I think it’s pretty understood that Base reviews are pretty slow in comparison to other areas of the ecosystem. There are trade-offs to this, so it’s not necessarily bad per se, but it is one of the reasons why a lot of development prefers to take place in packages. Even core developers will create things in packages before opening a PR to add it to Base in a lot of cases, so it’s a pretty widely acknowledged phenomena.
But it’s not necessarily bad. It used to be quicker too, but Julia is fairly well-established now so any changes need a lot more scrutiny to not be breaking. And there’s a whole process to ensure that the changes in Base don’t break packages, with the whole PackageEval system. That stability of the language is one of the key things that makes its modern development work so well, and I think it’s something to simultaneously appreciate.
I think one thing that leads to this feeling though is that @Ronis_BR has had good instances with SciML, where in SciML you can pretty much expect your PR to get reviewed in a day or two and likely merged. But that’s because SciML has a fairly active BDFL (me) interfacing with the “outside” community on a very regular basis. I can tell you from this that it takes a ton of time and it won’t scale to the size of the Julia language, which is why in a lot of SciML I am training officers to really take ownership of specific areas, like ODEs and parameter estimation, so that it’s possible to keep up with the influx of PRs (which during the summer is hitting about ~20 reviews a days due to the GSoCs!).

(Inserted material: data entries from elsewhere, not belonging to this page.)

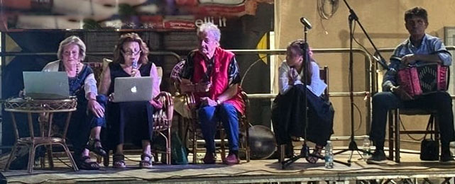 In piazza Olmo a Torraca, suggestivo borgo collinare a pochi chilometri da Sapri, ho trascorso una splendida serata sotto le stelle con le sorelle dott.sse Luciana e Rita Gravina, che hanno parlato del dialetto torrachese, con l'intermezzo musicale di Antonio Liano alla fisarmonica diatonica e della nipotina di 9 anni Rosa, dalla splendida voce, i quali ci hanno fatto ascoltare famosi brani di musica popolare. Da Luciana e Rita, che hanno declamato anche alcune poesie del prof. Gioacchino Vaiano, stralciate dal suo libro "Memorie e Storia", pubblicato in due edizioni del 1982 e 2010, abbiamo appreso che il dialetto di Torraca, "ameno borgo con tanti fiori ai balconi", come mi confido' anni or sono il Presidente della REA (Radiotelevisioni Europee Associate) dottor Antonio Diomede, ha subíto influenze dal siciliano e anche dallo spagnolo. Luciana ha raccontato la storia del vocalismo siciliano, nato in seguito alla congiura del 1246 dei nobili contro Federico II di Svevia, detto "Stupor mundi", che venne nel Cilento per sedare la rivolta, armando un esercito in Sicilia contro i nobili che si erano asserragliati nel castello di Capaccio. Li sconfisse e la sua vendetta fu feroce perché doveva servire come esempio. Federico II donó ai soldati le terre confiscate ai nobili! I soldati, poiché parlavano in siciliano, lasciarono tracce forti in molti paesi come Torraca e Roccadaspide. Per quanto riguarda l'influenza spagnola, al termine della piacevole serata (è intervenuto anche il pubblico con alcune testimonianze) Luciana e Rita Gravina hanno elencato alcuni vocaboli, come "a scuppetta" da "escopeta" (fucile), "a pinata" (pentola), con la n accentata spagnola, e verbi dall'imperfetto spagnolo come "sapìa" e "dicìa". "Dulcis in fundo", sono state citate anche le parole "crai e biscrai", dal latino ", "cras et postcras". (Tonino Luppino)
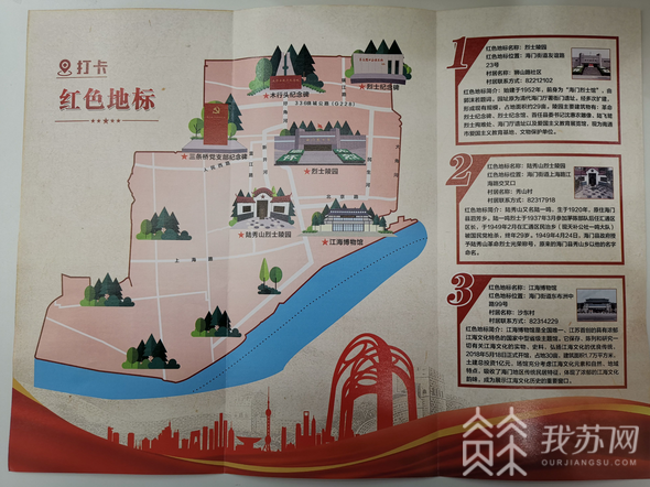 前期,海门街道对辖区内的木行头纪念碑、三条桥党支部纪念碑等6个红色地标进行了摸排,并绘制了红色地标打卡地图。近日,街道印制了两万册的“红色地图”,发放到各村居、“两新”组织的“红色驿站”,成为辖区广大党员群众开展党史的“口袋书”和“指南针”。
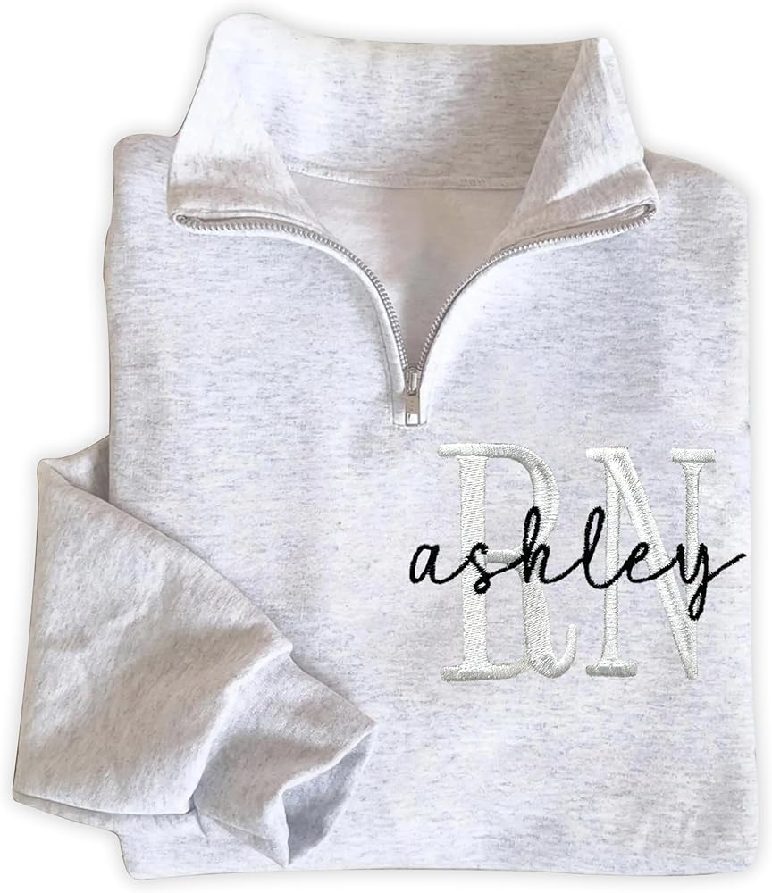 Personalized Nurse Quarter Zip Sweatshirt – Custom embroidered with name and credentials. Perfect for RN, BSN, ICU, OR, Pre-Op, and other nursing roles.

I think from my experience in the package world, that’s what really matters: ownership. And you see it in this discussion as well: people need to feel like they have ownership in order to merge. Giving more people that feeling makes things move faster, but if ownership is too relaxed then you might have people merging who might not know all of the consequences of the code.
I think that one way to do this right is to have more officers and designations of ownership in certain areas. If you look around enough you can figure out who “owns”/maintains LinearAlgebra, but it’s not very accessible. It would be nice to have a file that gives a little bit more structure to this. That way newcomers could more easily figure out who to ping and get help getting things merged. Of course that can be abused, but something like, “hey it’s been 2 weeks, @kslimes master of tests, can you help me get this unit test merged?”. I think it would 2 things:
- help people who are core maintainers triage what PRs to look at
- figure out where we are lacking maintainers
Who’s the person to ping if it’s just a documentation change? I wouldn’t actually know right now. If there is no one, then maybe this could be something that a big of NumFOCUS funds could help out on? (Especially since docs are probably more accessible than other areas. This wouldn’t necessarily be possible in all aspects of the project)
So there’s a reason for this, but it can probably also improve.